Tanjungpandan --- “Hanya bangsa yang menghargai jasa pahlawannya, dapat menjadi bangsa yang besar”, demikian lantunan kalimat yang disampaikan Bupati Belitung Ir Darmansyah Husein selaku Inspektur upacara pada peringatan Hari Pahlawan Tahun 2010 saat membacakan sambutan Mentri Sosial RI Dr Salim Segaf Al Jufri, MA di Halaman Gedung Nasional Tanjungpandan Rabu, 10 November 2010.

“Melalui momentum Peringatan Hari Pahlawan, diharapkan rasa kesetiakawanan sosial sebagai anak bangsa dapat tumbuh dan berkembang yang pada akhirnya dapat digunakan sebagai salah satu modal untuk menyelesaikan masalah bangsa. Dengan kesetiakawanan sosial yang diwujudkan dengan saling menghargai, menghormati, tolong menolong maka kita tidak akan mudah terprovokasi dan sebaliknya dengan kesetiakawanan sosial akan menguatkan solidaritas yang memperkokoh keutuhan Negara Kesatuan Republik Indonesia” lanjut Bupati.

Upacara peringatan Hari pahlawan yang  mengusung tema “Dengan Semangat Nilai Kepahlawan, Kita Tingkatkan Kesetiakawanan Sosial Nasional” berlangsung sekitar pukul 08.00 WIB dipimpin oleh Kapten Pardede. Upacara diikuti para Muspida dan para peserta dari satuan kelompok TNI, Polri, Kodim 0414, Lanud Tanjung pandan, Polres Belitung, Pol PP, Kesbanglinmas, Satpam, para PNS dan segenap pelajar.

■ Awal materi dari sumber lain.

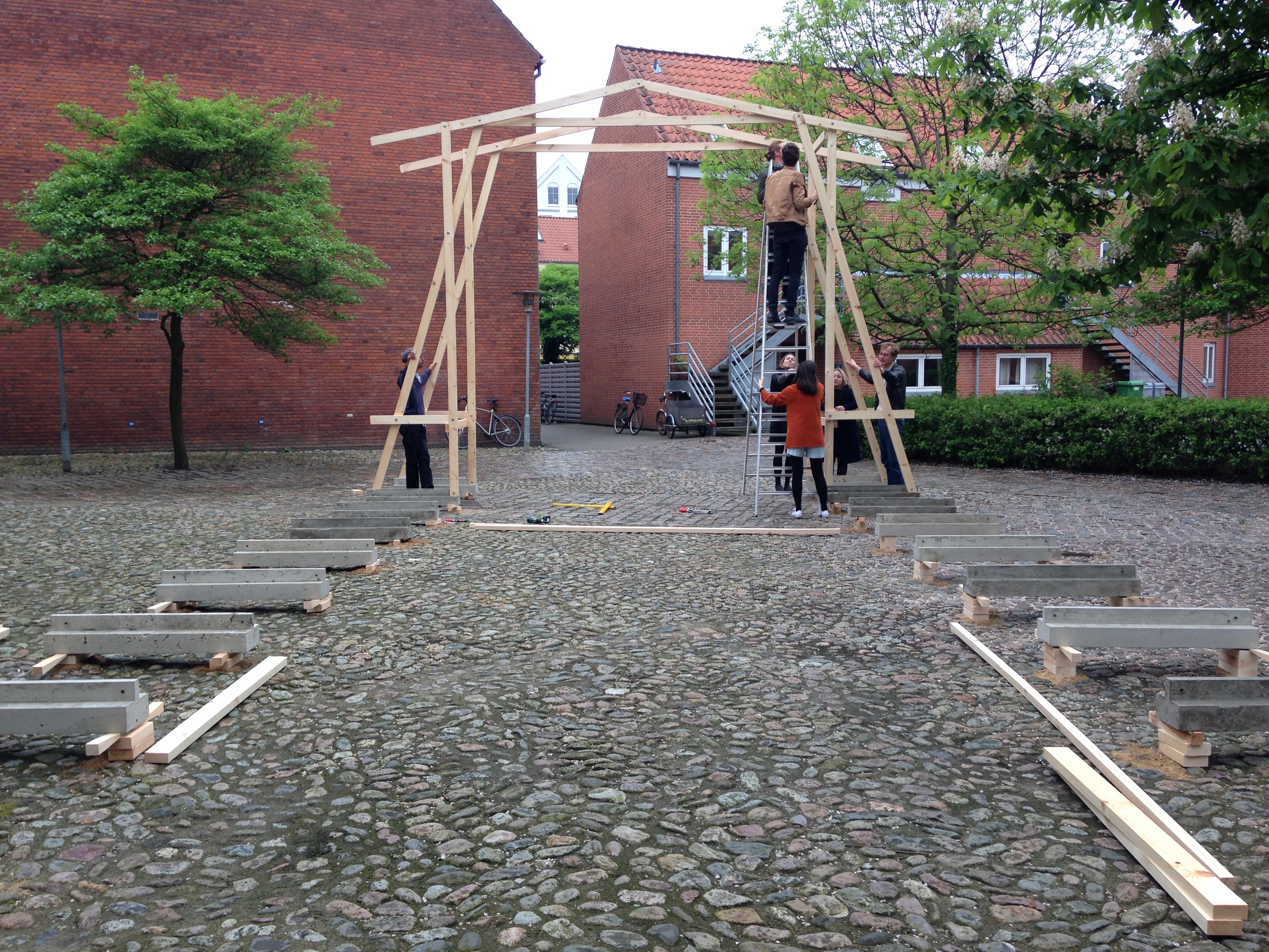 The shelter will eventually be donated to the Aarhus harbor. The structure is constructed mainly with bolts and is therefor easy to disassamble in the summer when to boat takes to the water.

Selanjutnya acara berlanjut dengan Upacara Ziarah Nasional yang berlangsung di Taman Makam Pahlawan Ksatria Tumbang Ganti Perawas.

Sebelumnya pada Selasa malam, 9 November 2010 sekitar pukul 23.30 WIB, berlangsung Renungan Suci yang bertempat di Taman Makam Pahlawan Ksatria Tumbang Ganti di Perawas. Acara ini merupakan rangkaian kegiatan menyambut peringatan hari pahlawan untuk mengenang jasa-jasa para pahlawan yang telah mendahului kita. Sebagai acara penutup, berlangsung kegiatan ramah tamah di Gedung Serba Guna pada pukul 10.30 WIB usai pelaksanaan Ziarah Nasional.

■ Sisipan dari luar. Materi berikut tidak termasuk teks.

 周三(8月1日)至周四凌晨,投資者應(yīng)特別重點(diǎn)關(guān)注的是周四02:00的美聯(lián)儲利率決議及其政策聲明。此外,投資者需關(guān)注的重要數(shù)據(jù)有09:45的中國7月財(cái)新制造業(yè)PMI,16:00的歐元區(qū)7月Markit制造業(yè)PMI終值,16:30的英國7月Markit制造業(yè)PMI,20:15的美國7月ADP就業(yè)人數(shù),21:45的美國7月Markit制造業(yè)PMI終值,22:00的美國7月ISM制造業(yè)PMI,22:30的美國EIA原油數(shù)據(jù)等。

Dalam sambutannya Darmansyah mengatakan ”Suatu sistem yang kuat tidak akan selamanya berjalan dengan sempurna karena akan selalu ada cabaran atau rintangan menghadang kita, sengaja maupun tidak sengaja yang bersifat bencana. Kiranya dapat kita sepakati bersama bahwa duka dan tantangan yang sedang kita hadapi dalam membangun adalah suatu hal yang tiada artinya ketimbang perjuangan dalam merebut dan mempertahankan kemerdekaan oleh para pejuang, para pendahulu dan para pahlawan kita”.